» Goal of the exercise
The line containing "嬉しいっす♪RT @cyacochoco: @yohito_teraoka" marks the end; return exactly every line from the start of the records up to and including it, but no pictures.

» Supplied records

+---+

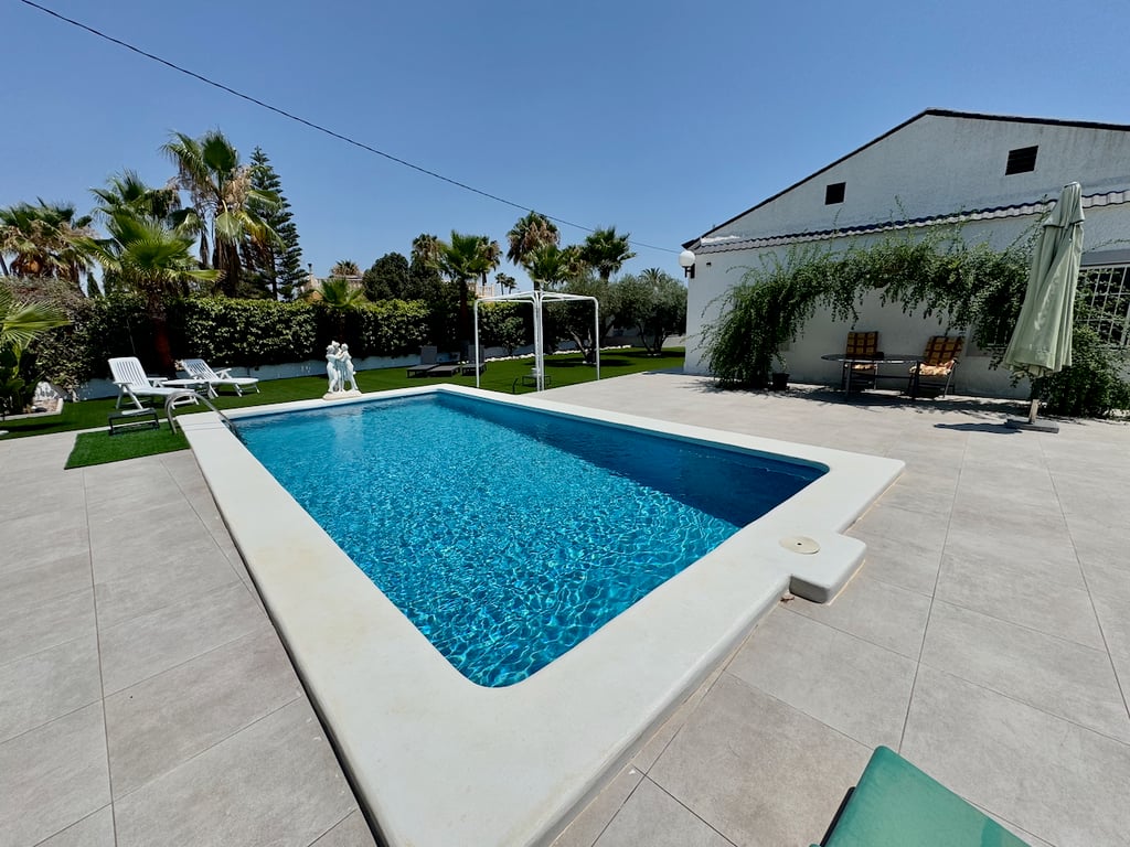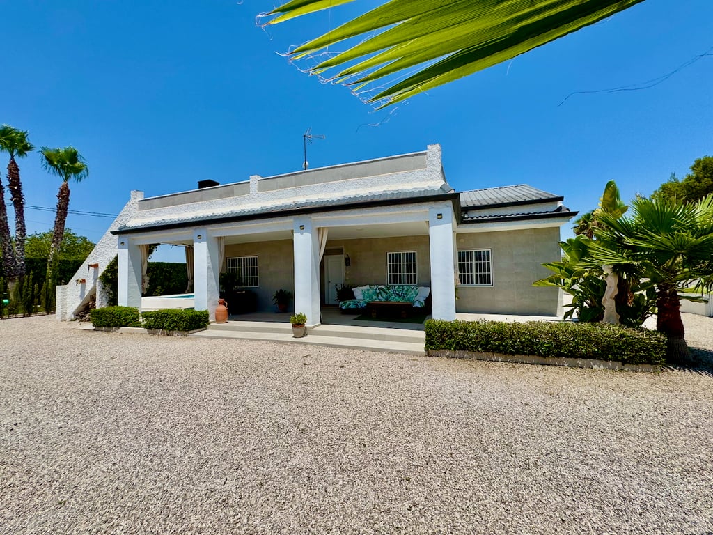 Stunning 3-Bedroom Villa with Private Pool and Expansive Gardens\r\nWelcome to this beautifully renovated 3-bedroom, 2-bathroom villa, perfectly positioned on a generous 2,400m2 plot. Ideally located, this south-facing home offers the perfect blend of privacy, comfort, and convenience—just 3 minutes from Imed Hospital, 5 minutes from Alicante Airport, 10 minutes from Alicante City, 5 minutes from Ruta Outlet Elche, 15 minutes from Blue Flag beaches, and 15 minutes from top golf courses.\r\nStep ...
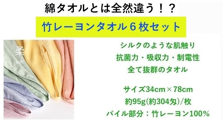 ポイント20倍!商品説明商品名 バンブーフェイスタオル 6枚セットカテゴリ フェイスタオルサイズ 約34×78cm重量 約95g(約304匁)カラー グリーン系
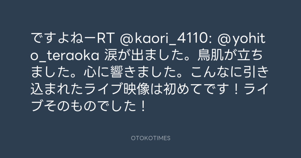 嬉しいっす♪RT @cyacochoco: @yohito_teraoka 感動しました!!ライブ映像で涙したこと... -
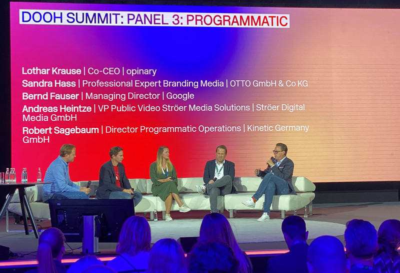 Das dritte und letzte Panel widmete sich dem Themenkomplex Programmatic & Daten. Über die „digitale Logik“, die den Netzwerken zugrunde liegt, bieten Ströer, Goldbach und Wall die Möglichkeiten einer passenden Zielgruppenansprache und einer granularen Aussteuerbarkeit im öffentlichen Raum. Damit verbindet DOOH die Reichweite der Außenwerbung und die Flexibilität eines digitalen Mediums. Dr. Bernd Fauser von Google, Sandra Haas von Otto, Robert Sagebaum von Kinetic, und Andreas Heintze von Ströer blickten auf die Technologie- und Targeting-Optionen von DOOH und die Verbesserung der Angebotsflexibilität.
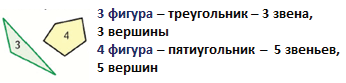 Фигура 6 - треугольник - У треугольника 3 звена и 3 вершины.

+---+

» Solution below
 Stunning 3-Bedroom Villa with Private Pool and Expansive Gardens\r\nWelcome to this beautifully renovated 3-bedroom, 2-bathroom villa, perfectly positioned on a generous 2,400m2 plot. Ideally located, this south-facing home offers the perfect blend of privacy, comfort, and convenience—just 3 minutes from Imed Hospital, 5 minutes from Alicante Airport, 10 minutes from Alicante City, 5 minutes from Ruta Outlet Elche, 15 minutes from Blue Flag beaches, and 15 minutes from top golf courses.\r\nStep ...
 ポイント20倍!商品説明商品名 バンブーフェイスタオル 6枚セットカテゴリ フェイスタオルサイズ 約34×78cm重量 約95g(約304匁)カラー グリーン系
 嬉しいっす♪RT @cyacochoco: @yohito_teraoka 感動しました!!ライブ映像で涙したこと... -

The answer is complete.